Data entries

· · · ·

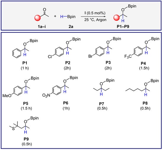 Hydroboration of ketones (1a–i) (experimental conditions: solvent-free, 25 °C, [1a–i]:[2a] = 1:1.2, [I] = 0.5 mol%, argon). Reaction times are given for each product under its respective structure. Quantitative yields of all products (P1–P9) were obtained.
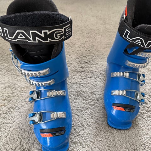 Lange alpinstøvler i størrelse 22–22,5 MP. Støvlene har ytre skall i blå plast med tre justerbare spenner. Innerstøvlene er uttakbare og polstrede for økt komfort og varme. Passer til alpint bruk for barn eller personer med tilsvarende fotlengde. Egner seg til bruk med vanlige alpinbindinger.
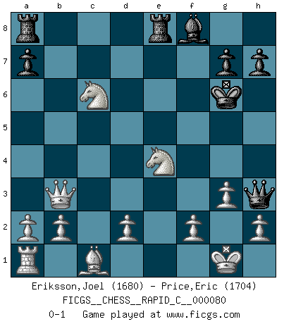 Last move : 0-1 2010 March 4 9:37:13 [Event "FICGS__CHESS__RAPID_C__000080"] [Site "FICGS"] [Date "2009.12.19"] [Round "1"] [White "Eriksson,Joel"] [Black "Price,Eric"] [Result "0-1"] [WhiteElo "1680"] [BlackElo "1704"] 1.e4 e5 2.Nf3 Nc6 3.Bc4 Nf6 4.Ng5 d5 5.exd5 Na5 6.Bb5+ c6 7.dxc6 bxc6 8.Bd3 Nd5 9.Nf3 Bd6 10.O-O Nf4 11.Re1 Nxd3 12.cxd3 O-O 13.Nxe5 Re8 14.d4 Be6 15.Nc3 Nc4 16.Nxc6 Qh4 17.g3 Qh3 18.Re4 Be7 19.d5 Nd6 20.dxe6 Nxe4 21.exf7+ Kxf7 22.Qb3+ Kg6 23.Nxe4 Bf8 0-1 This chess game has been lost on time (started : 2009.12.19 12:37:56) Two knights defense Kingside Castling by player White (move 10) Kingside Castling by player Black (move 12) Player Black won this chess game. Follow this game move after move (download)No Chess Grandmaster is normal; they only differ in the extent of their madness. (Viktor Korchnoi) Kostenjuk hat keinen Sexappeal. (Loek van Wely) Hasta este punto, las blancas han seguido un análisis bien conocido. Pero ahora el hace un error fatal: empieza a usar su propia cabeza. (Siegbert Tarrasch) Je fais ceci parce que dans cinquante coups j'obtiendrai cela; je m'appelle Mikhail Moisevitch Botvinnik. (Botvinnik) A mistake is only a mistake if you let it happen twice. Otherwise it is a learning experience. (Daniel Parmet)
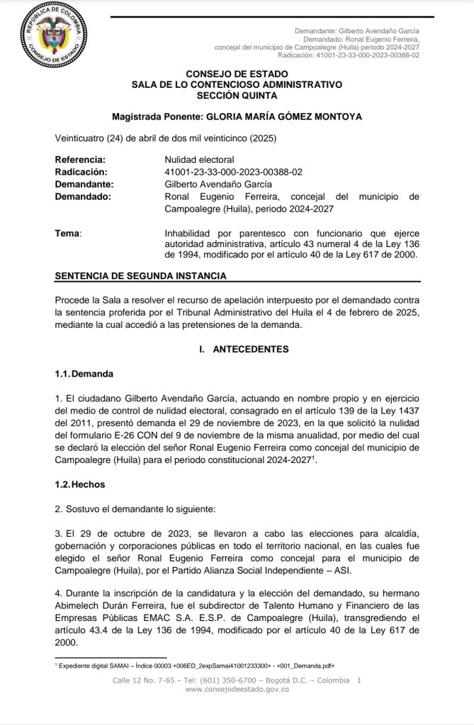 • El actual presidente del Concejo Municipal de Campoalegre, Ronal Eugenio Ferreira, deberá dejar su cargo luego de que el Consejo de Estado confirmara la nulidad de su elección como concejal para el periodo 2024-2027. La decisión se basa en una inhabilidad por parentesco con un funcionario que ejercía autoridad administrativa en el municipio durante el año previo a las elecciones.
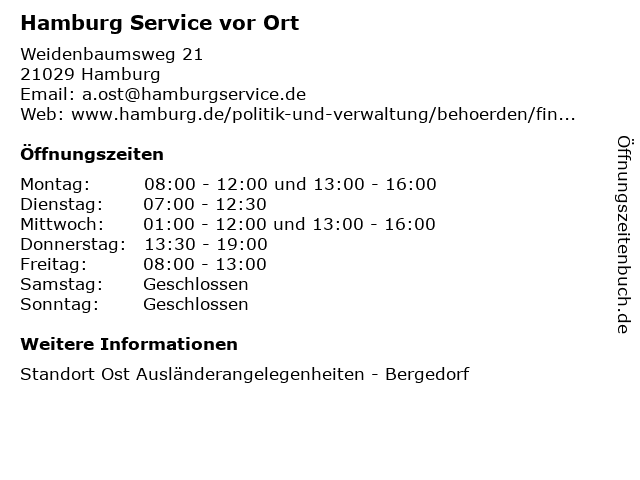 | Öffnungszeiten Hamburg Service vor Ort in Hamburg anzeigen | |
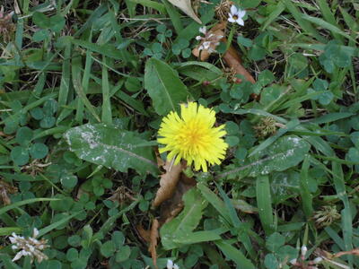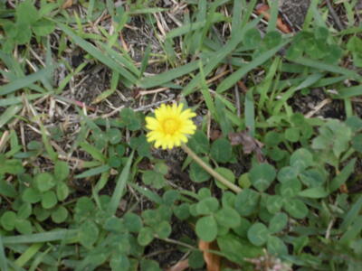( ↓ 校庭の片隅に咲いている、春のなごりの花。)
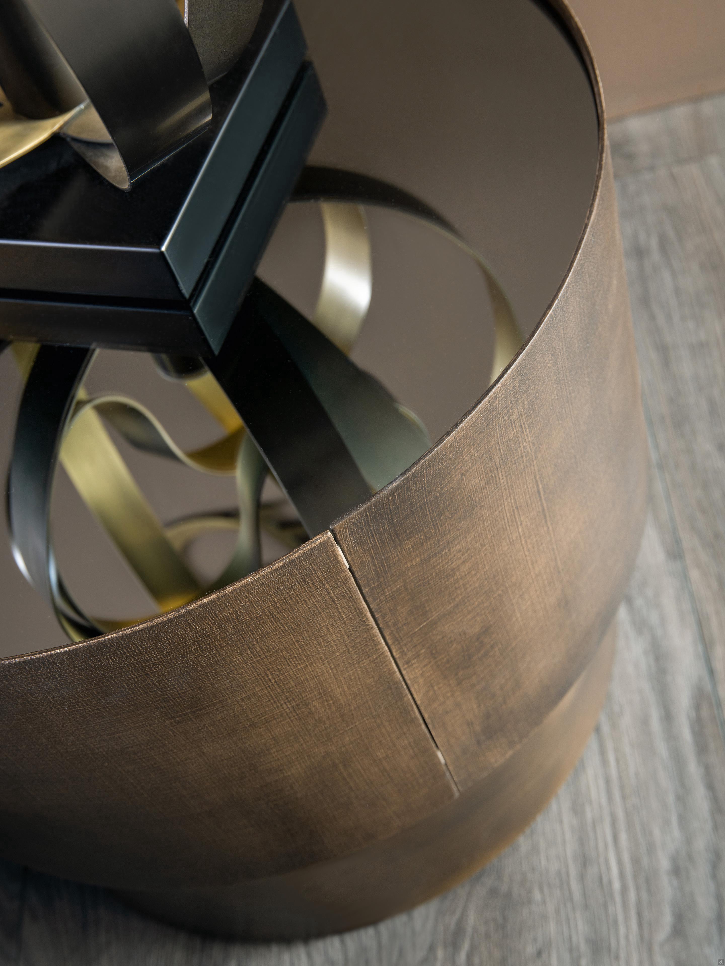 Materialien und AusführungenKorpus:- Metall Platte:- Spiegel bronze / fumèBasis:- Eisen
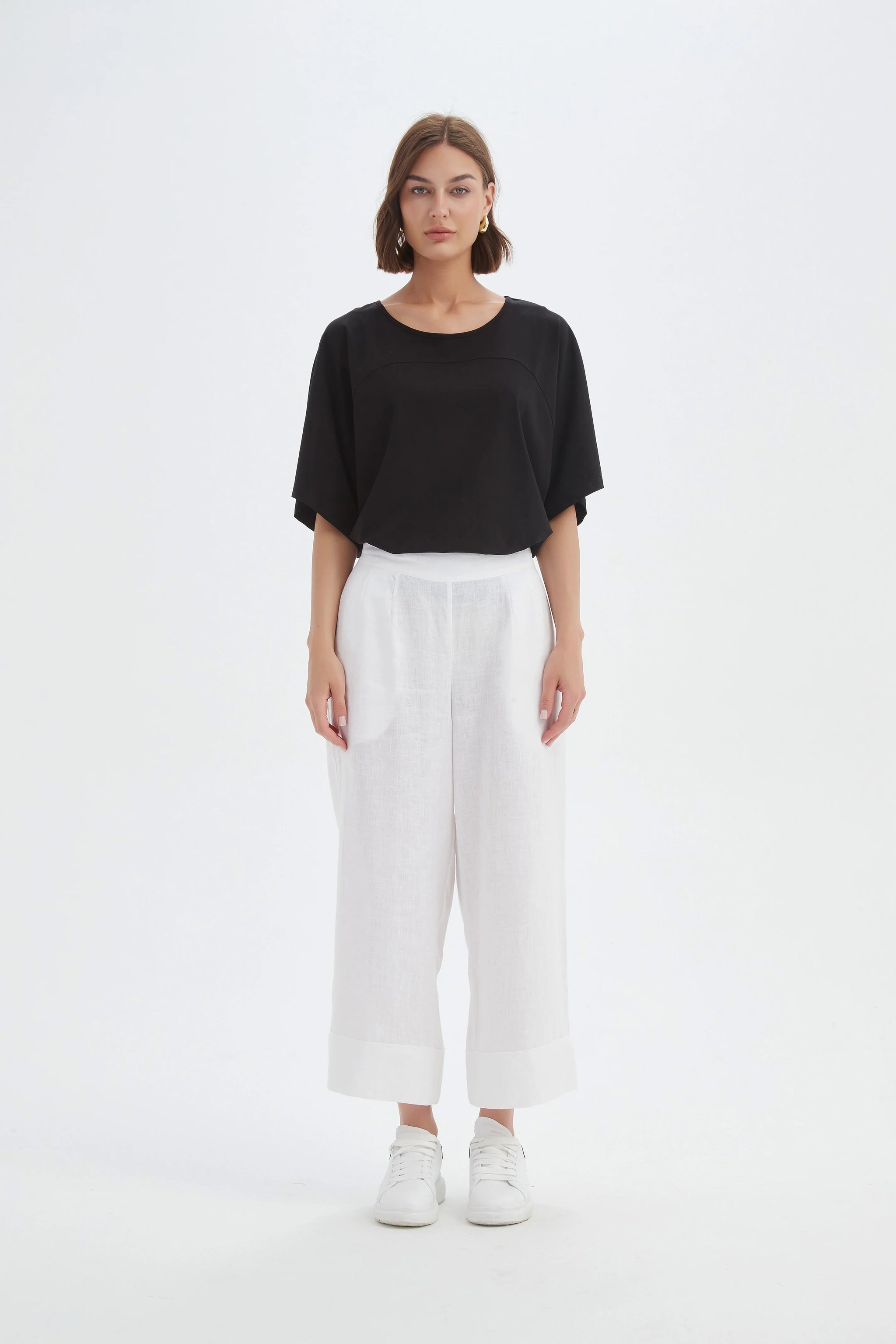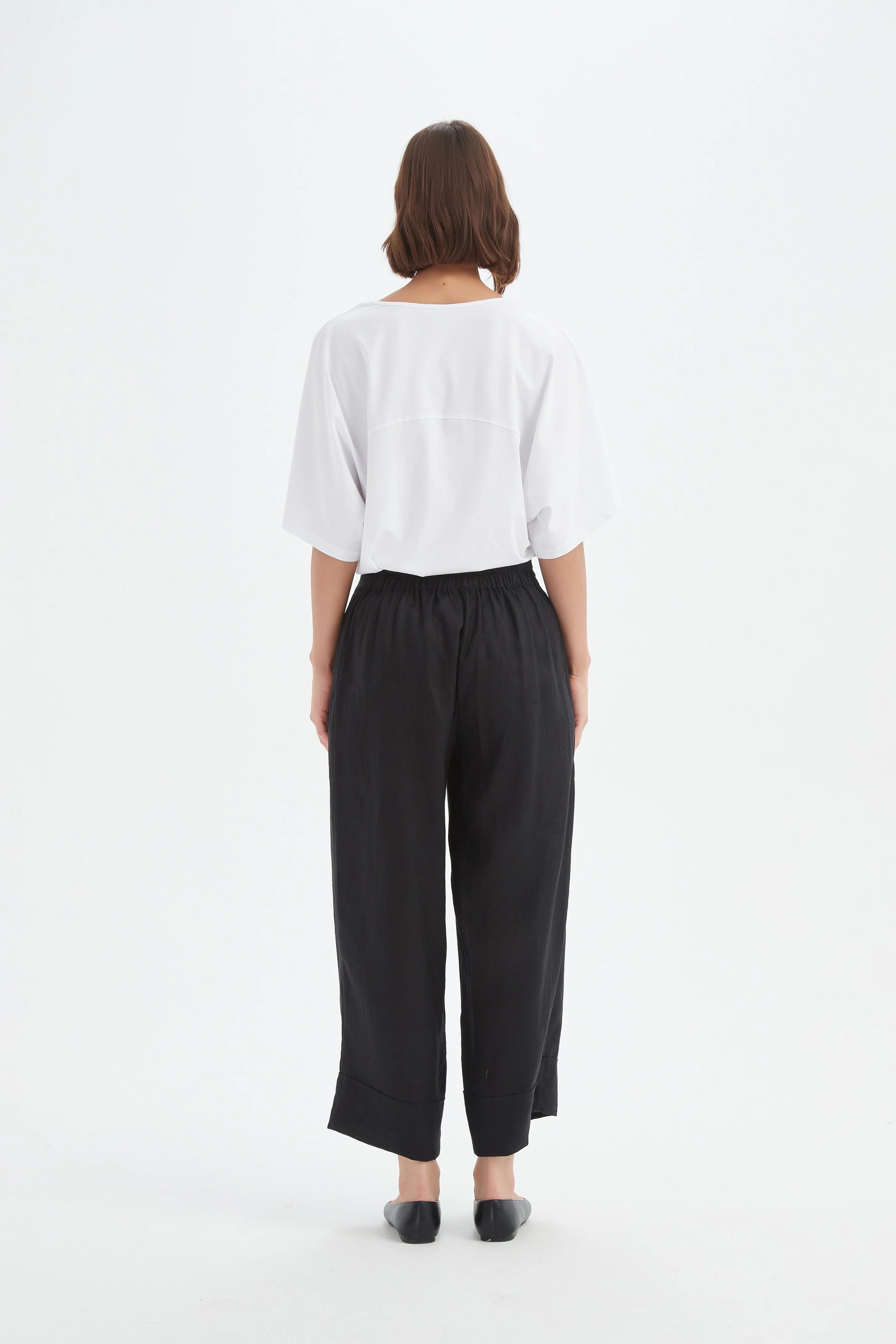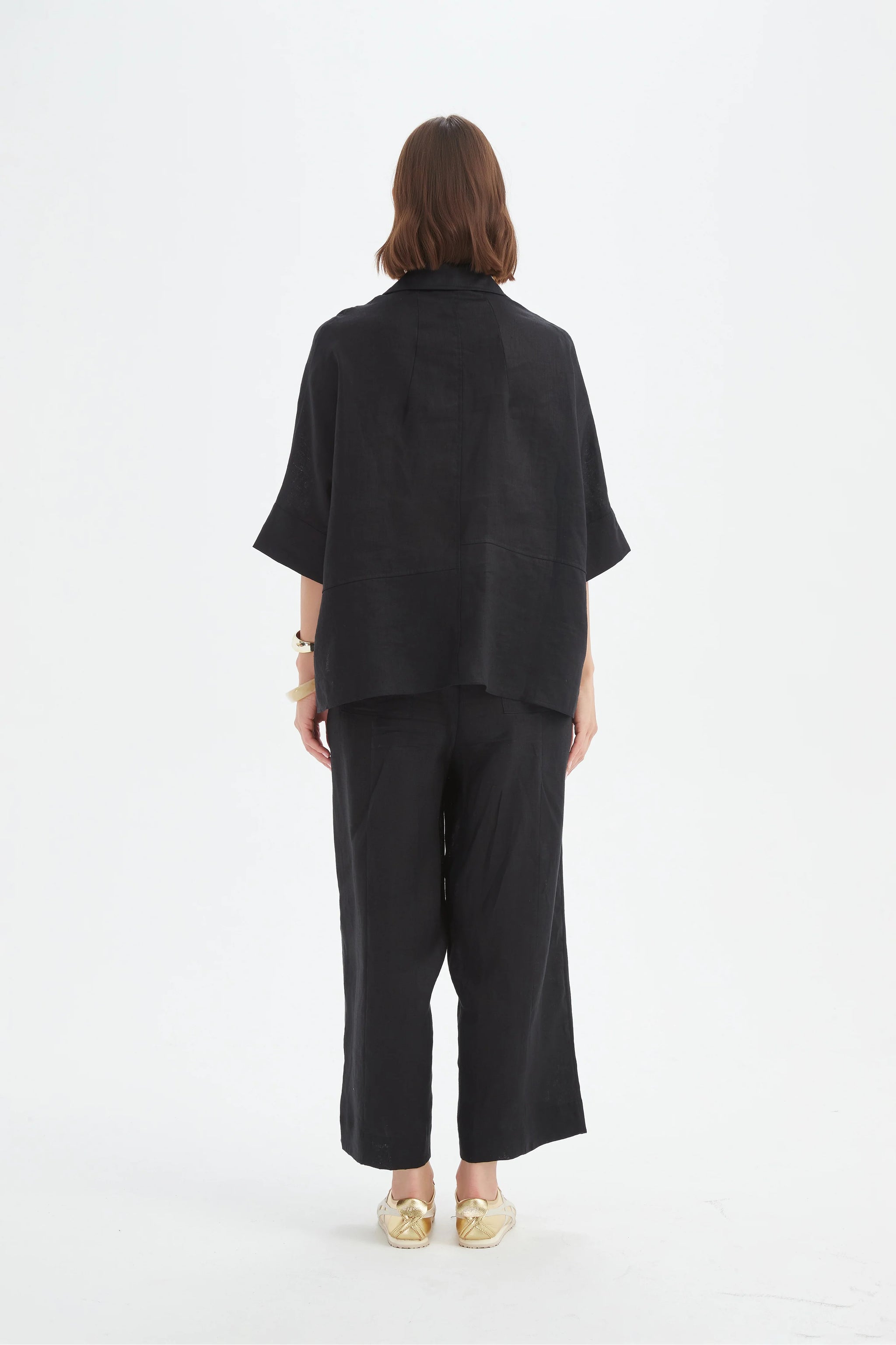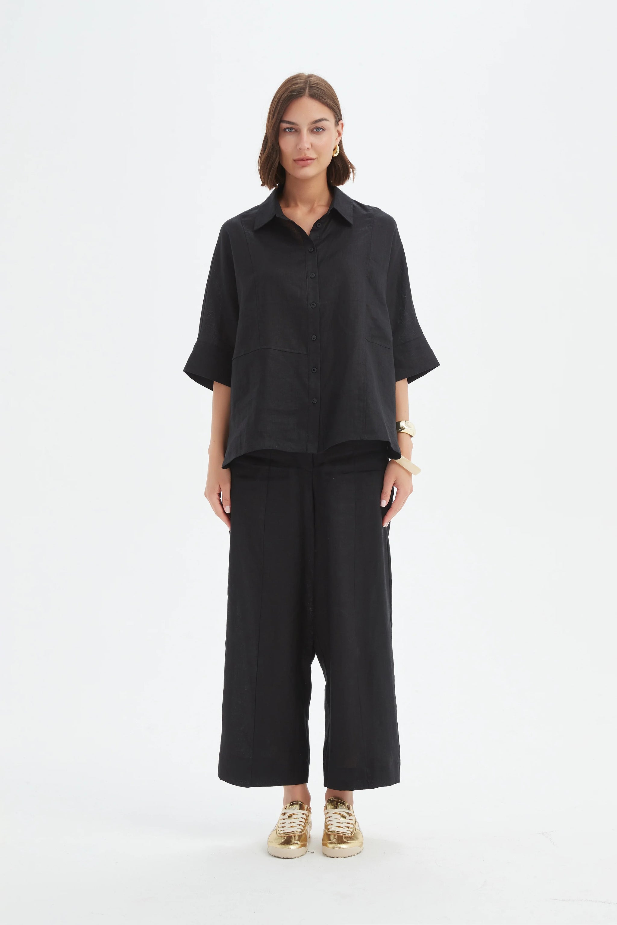 Discover understated sophistication with these Black Linen Wide Leg Pants from Tirelli. Constructed from premium 100% French linen, they combine...
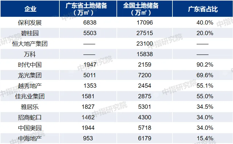 从外来房企土地储备来看,阳光城土地储备优势显著,其在广东省内的土地储备面积达1207万㎡,占集团总土地储备面积的28.4%;紧随其后的是融创中国,其在广东省内的土地储备面积也超过1000万㎡,占集团总土地储备面积的6.5%;龙湖、金科、远洋集团、新力控股、世茂集团在广东省内的土地储备资源亦十分丰富。从集团土地储备占比来看,五矿地产、新力控股、世茂集团在广东省内的土地储备占比均在10%以上,尤其世茂集团及新力控股在广东省内的土储占比在30%左右,可以看出此部分外来房企在不断加大在广东省内的布局力度。
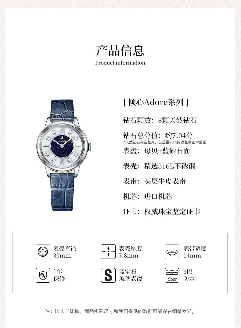 【ROROLOVE】邂逅Enchanted系列 天然钻石腕表 天然钻石满天星手表女明星代言同款女表礼物 (8颗钻)
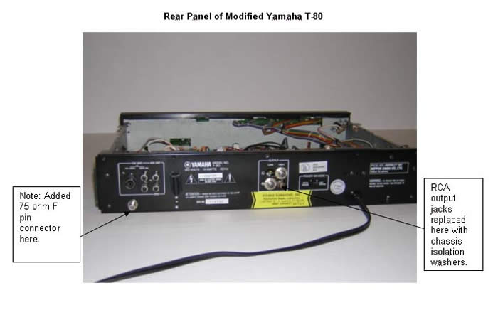 As I previously noted in this article the board layout is single sided and ground plane in the unit has been sacrificed to accommodate a single sided board. The main ground to the chassis appears to be a chassis support bracket that goes down between the RF section & the rest of the unit. I added ground straps using 1/8 inch flat braid from the return of the power supply to the chassis. From the return of the power supply I added a ground strap that went to small ground plane near the audio output. From there a ground strap was connected to a small ground plane of the IF section. From that same ground plane in the audio output section I added another ground strap to ground plane next to the bracket. The very last thing was to install a 75 ohm F pin connector for the RG6 cable run from the antenna. When the Yamaha T-80 was produced Yamaha used their own custom 75 ohm connector and these parts are no longer available. Note from the photo the short lead length down to the P.C. Board.
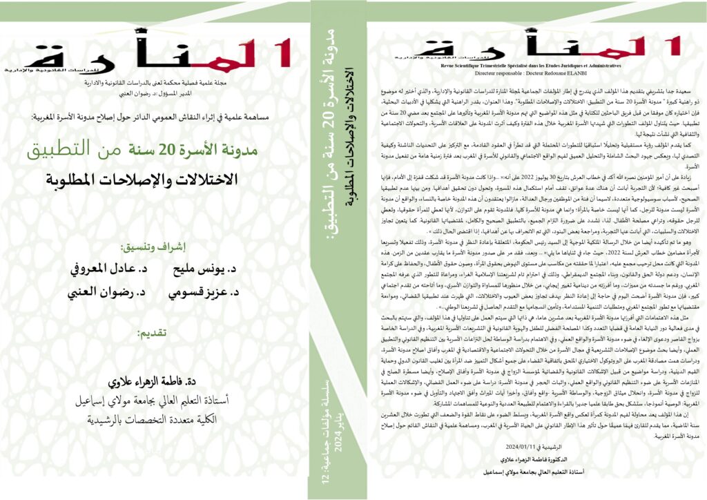 سعيدة جدا بتشريفي بتقديم هذا المؤلف الذي يندرج في إطار المؤلفات الجماعية لمجلة المنارة للدراسات القانونية والإدارية، والذي أختير له موضوع ذو راهنية كبيرة ” مدونة الأسرة 20 سنة من التطبيق: الاختلالات والإصلاحات المطلوبة”. وهذا العنوان، بقدر الراهنية التي يشكلها في الأدبيات البحثية، فإن اختياره كان موفقا من قبل فريق الباحثين للكتابة في مثل هذه المواضيع التي تهم مدونة الأسرة المغربية وتأثيرها على المجتمع بعد مضي 20 سنة من تطبيقها. حيث يتناول المؤلف التطورات التي شهدتها الأسرة المغربية خلال هذه الفترة وكيف أثرت المدونة على العلاقات الأسرية، والتحولات الاجتماعية والثقافية التي نشأت نتيجة لها.

· · · ·

An exact copy of every entry above is required, without the pictures.

*EXERCISE OUTPUT:*
 Hydroboration of ketones (1a–i) (experimental conditions: solvent-free, 25 °C, [1a–i]:[2a] = 1:1.2, [I] = 0.5 mol%, argon). Reaction times are given for each product under its respective structure. Quantitative yields of all products (P1–P9) were obtained.
 Lange alpinstøvler i størrelse 22–22,5 MP. Støvlene har ytre skall i blå plast med tre justerbare spenner. Innerstøvlene er uttakbare og polstrede for økt komfort og varme. Passer til alpint bruk for barn eller personer med tilsvarende fotlengde. Egner seg til bruk med vanlige alpinbindinger.
 Last move : 0-1 2010 March 4 9:37:13 [Event "FICGS__CHESS__RAPID_C__000080"] [Site "FICGS"] [Date "2009.12.19"] [Round "1"] [White "Eriksson,Joel"] [Black "Price,Eric"] [Result "0-1"] [WhiteElo "1680"] [BlackElo "1704"] 1.e4 e5 2.Nf3 Nc6 3.Bc4 Nf6 4.Ng5 d5 5.exd5 Na5 6.Bb5+ c6 7.dxc6 bxc6 8.Bd3 Nd5 9.Nf3 Bd6 10.O-O Nf4 11.Re1 Nxd3 12.cxd3 O-O 13.Nxe5 Re8 14.d4 Be6 15.Nc3 Nc4 16.Nxc6 Qh4 17.g3 Qh3 18.Re4 Be7 19.d5 Nd6 20.dxe6 Nxe4 21.exf7+ Kxf7 22.Qb3+ Kg6 23.Nxe4 Bf8 0-1 This chess game has been lost on time (started : 2009.12.19 12:37:56) Two knights defense Kingside Castling by player White (move 10) Kingside Castling by player Black (move 12) Player Black won this chess game. Follow this game move after move (download)No Chess Grandmaster is normal; they only differ in the extent of their madness. (Viktor Korchnoi) Kostenjuk hat keinen Sexappeal. (Loek van Wely) Hasta este punto, las blancas han seguido un análisis bien conocido. Pero ahora el hace un error fatal: empieza a usar su propia cabeza. (Siegbert Tarrasch) Je fais ceci parce que dans cinquante coups j'obtiendrai cela; je m'appelle Mikhail Moisevitch Botvinnik. (Botvinnik) A mistake is only a mistake if you let it happen twice. Otherwise it is a learning experience. (Daniel Parmet)
 • El actual presidente del Concejo Municipal de Campoalegre, Ronal Eugenio Ferreira, deberá dejar su cargo luego de que el Consejo de Estado confirmara la nulidad de su elección como concejal para el periodo 2024-2027. La decisión se basa en una inhabilidad por parentesco con un funcionario que ejercía autoridad administrativa en el municipio durante el año previo a las elecciones.
 | Öffnungszeiten Hamburg Service vor Ort in Hamburg anzeigen | |
( ↓ 校庭の片隅に咲いている、春のなごりの花。)
 Materialien und AusführungenKorpus:- Metall Platte:- Spiegel bronze / fumèBasis:- Eisen
 Discover understated sophistication with these Black Linen Wide Leg Pants from Tirelli. Constructed from premium 100% French linen, they combine...
 从外来房企土地储备来看,阳光城土地储备优势显著,其在广东省内的土地储备面积达1207万㎡,占集团总土地储备面积的28.4%;紧随其后的是融创中国,其在广东省内的土地储备面积也超过1000万㎡,占集团总土地储备面积的6.5%;龙湖、金科、远洋集团、新力控股、世茂集团在广东省内的土地储备资源亦十分丰富。从集团土地储备占比来看,五矿地产、新力控股、世茂集团在广东省内的土地储备占比均在10%以上,尤其世茂集团及新力控股在广东省内的土储占比在30%左右,可以看出此部分外来房企在不断加大在广东省内的布局力度。
 【ROROLOVE】邂逅Enchanted系列 天然钻石腕表 天然钻石满天星手表女明星代言同款女表礼物 (8颗钻)
 As I previously noted in this article the board layout is single sided and ground plane in the unit has been sacrificed to accommodate a single sided board. The main ground to the chassis appears to be a chassis support bracket that goes down between the RF section & the rest of the unit. I added ground straps using 1/8 inch flat braid from the return of the power supply to the chassis. From the return of the power supply I added a ground strap that went to small ground plane near the audio output. From there a ground strap was connected to a small ground plane of the IF section. From that same ground plane in the audio output section I added another ground strap to ground plane next to the bracket. The very last thing was to install a 75 ohm F pin connector for the RG6 cable run from the antenna. When the Yamaha T-80 was produced Yamaha used their own custom 75 ohm connector and these parts are no longer available. Note from the photo the short lead length down to the P.C. Board.
 سعيدة جدا بتشريفي بتقديم هذا المؤلف الذي يندرج في إطار المؤلفات الجماعية لمجلة المنارة للدراسات القانونية والإدارية، والذي أختير له موضوع ذو راهنية كبيرة ” مدونة الأسرة 20 سنة من التطبيق: الاختلالات والإصلاحات المطلوبة”. وهذا العنوان، بقدر الراهنية التي يشكلها في الأدبيات البحثية، فإن اختياره كان موفقا من قبل فريق الباحثين للكتابة في مثل هذه المواضيع التي تهم مدونة الأسرة المغربية وتأثيرها على المجتمع بعد مضي 20 سنة من تطبيقها. حيث يتناول المؤلف التطورات التي شهدتها الأسرة المغربية خلال هذه الفترة وكيف أثرت المدونة على العلاقات الأسرية، والتحولات الاجتماعية والثقافية التي نشأت نتيجة لها.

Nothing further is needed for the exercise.